Habitats of Saccharomyces cerevisiae

The ecology of the wild S. cerevisiae is relatively poorly understood (Boynton and Greig 2014), mainly because of early domestication (Sicard and Legras 2011) and widespread use of commodity strains. S. cerevisiae has been used for food and beverage fermentation for several thousand years due to its unique metabolic properties: fermentative metabolism, resistance to high sugar and ethanol concentrations, and production of specific aroma compounds. Humans have therefore significantly facilitated dispersal of the yeast (Goddard et al. 2010). For instance, the strains used for wine fermentation in Australia, Chile and New Zealand have shared recent ancestors with European wine strains (Legras et al. 2007; Liti et al. 2009; Goddard et al. 2010; Dunn et al. 2012). Through a large-scale population history study the genotypes of S. cerevisiae were found to fit to five primary lineages with shared ancestor populations (i.e. Malaysian, West African, North American, European and Sake) (Liti et al. 2009; Liti 2015). The genetic variations found in strains in a lineage were unique and equally distributed in the genome (Liti et al. 2009). However, a separate investigation of Chinese wild S. cerevisiae isolates revealed a larger and hitherto unknown reservoir of genetic variation (Wang et al. 2012). The natural history of S. cerevisiae including the known genetic variation is comprehensively reviewed by Liti (Liti 2015).

While S. cerevisiae is very abundant in human-made environments, such as wineries (Ciani et al. 2004), it appears to be rather rare in natural reservoirs (Goddard and Greig 2015). Thus, investigations of wild isolates are hindered by small population sizes (Liti 2015). In a search for the natural S. cerevisiae habitats, it has been isolated from plants (Wang et al. 2012), and the bark and leaves of oak trees and oak-associated soil (Sniegowski, Dombrowski and Fingerman 2002; Sampaio and Goncalves 2008; Zhang et al. 2010). Recently, Kowallik and Greig (2016) observed that yeast was more abundant in oak leaf litter than in the oak bark and that the leaf litter provides a refuge all year round (Kowallik and Greig 2016). Consistently, it has also been confirmed that S. cerevisiae can sporulate in soil and survive in this stress-resistant state until more nutritious conditions arise (Knight and Goddard 2016). S. cerevisiae indeed seems to respond to lignocellulosic solids from Birch tree by activating stress tolerance mechanisms—an observation that we suggest could be due to its evolutionary linkage to the bark niche (Koppram et al. 2016). Despite the common belief that yeasts are naturally found on the surface of grapes, a study finds that only one in thousand grapes are positive for S. cerevisiae (Mortimer and Polsinelli 1999). In cases of damaged fruit or berries, on the other hand, the occurrence and cell counts of S. cerevisiae were found to be higher (Mortimer and Polsinelli 1999). Interestingly, insects serve also as natural reservoirs and vectors that promote yeast dispersal: S. cerevisiae can be found associated with flies (Chandler, Eisen and Kopp 2012), social wasps (Stefanini et al. 2012) and bees (Goddard et al. 2010). Given the hitherto focus on prokaryotes in microbial diversity analysis due to sample preparation constraints, further natural reservoirs of the yeast might not have been discovered yet.
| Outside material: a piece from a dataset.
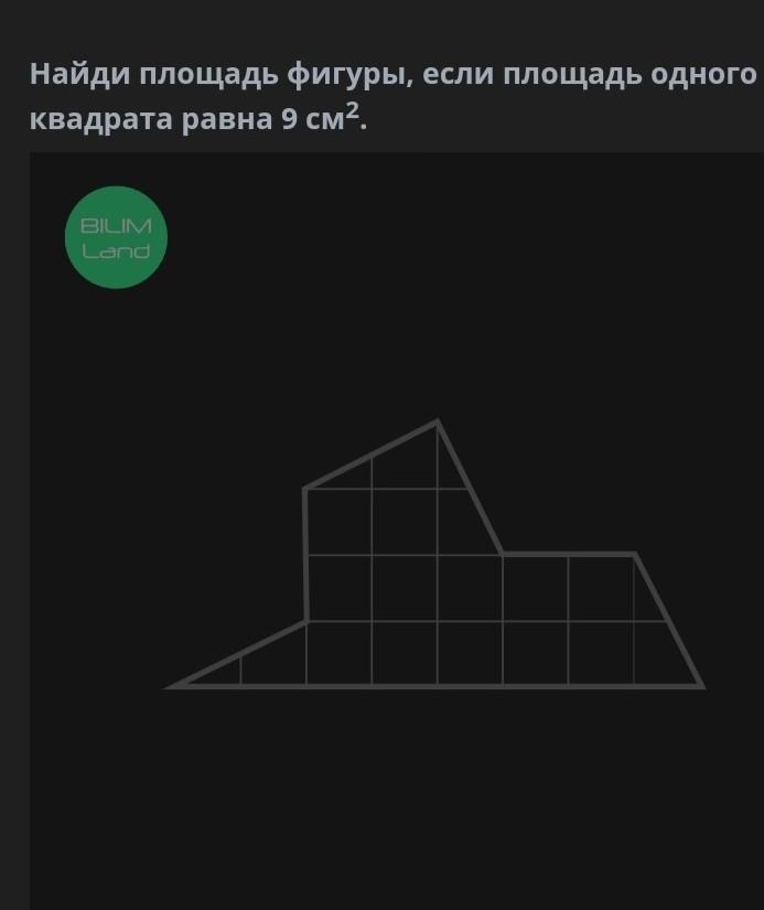 Найди площадь фигуры, если площадь одного квадрата равна 9 см2. BILIM Land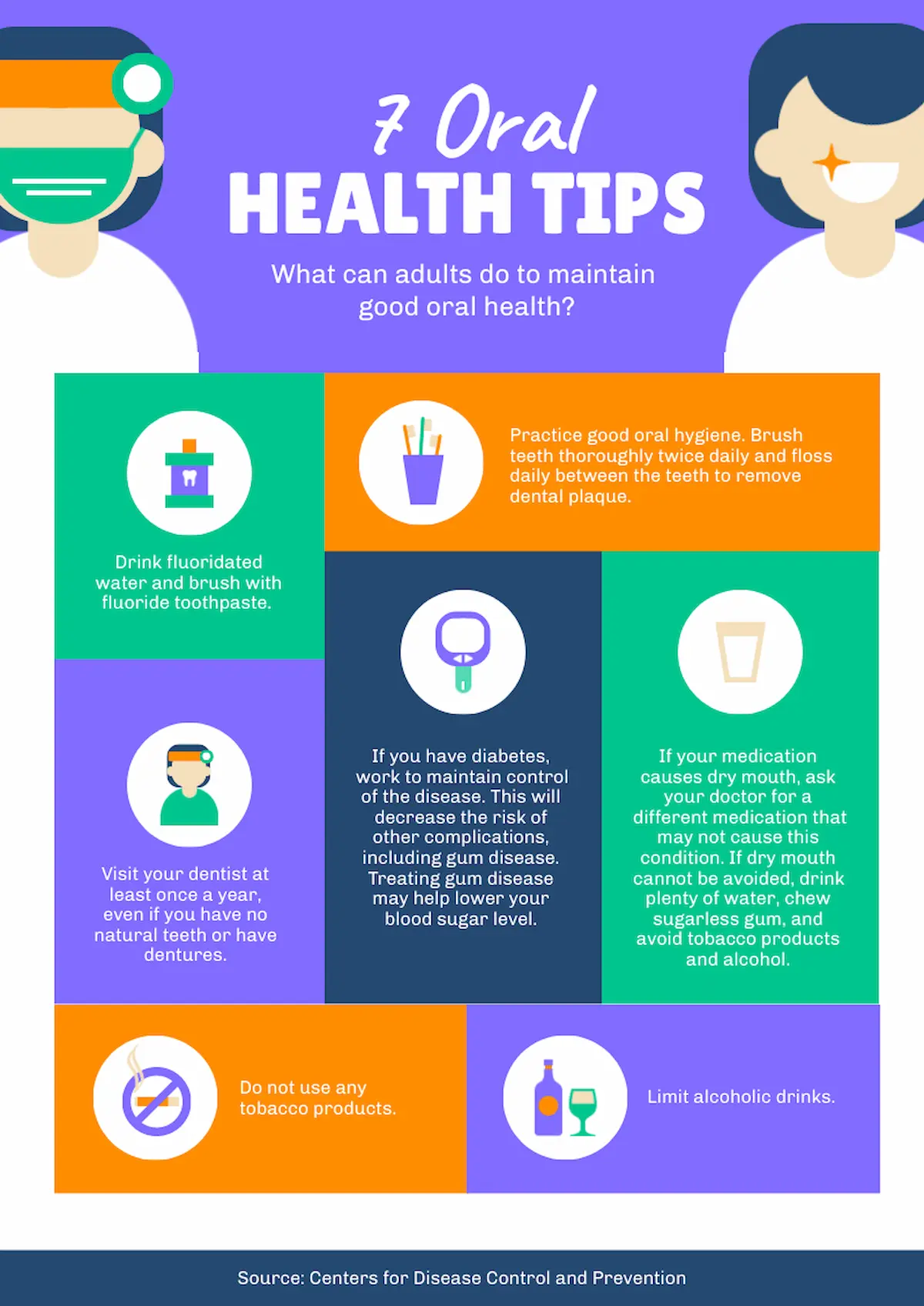 The design of this oral health poster allows you to present multiple health tips without overemphasizing any one suggestion. The balanced visual weight given to each section means that no single suggestion seems like it’s dominating, which is perfect when all your information is equally important.

The known natural reservoirs of S. cerevisiae are usually nutrient poor with occasional periods of rich resource availability (e.g. after a transfer from oak bark to a faulty fruit by an insect) (Liti 2015). Therefore, unlike human-associated yeasts, wild strains most likely spend the most of their life in a dormant state. It has been argued that S. cerevisiae does not show adaptations to any particular habitat, but rather an ability to survive in a wide range of conditions (such as temperature, pH, nutrient concentrations and osmolarity) (Goddard and Greig 2015). The tolerance to a variety of environmental perturbations is consistent with the lifestyle of nomadic generalist that inhabits diverse niches at low abundance. High adaptability of yeast is supported by a remarkable chromosomal number plasticity (Pavelka et al. 2010; Liu et al. 2015; Selmecki et al. 2015). Furthermore, yeast is capable of sexual reproduction, which also facilitates rapid adaptation (Goddard 2016). Nevertheless, variation in the natural ecological niches is shown to be reflected in trait divergence within S. cerevisiae strains associated with different population origins (Warringer et al. 2011).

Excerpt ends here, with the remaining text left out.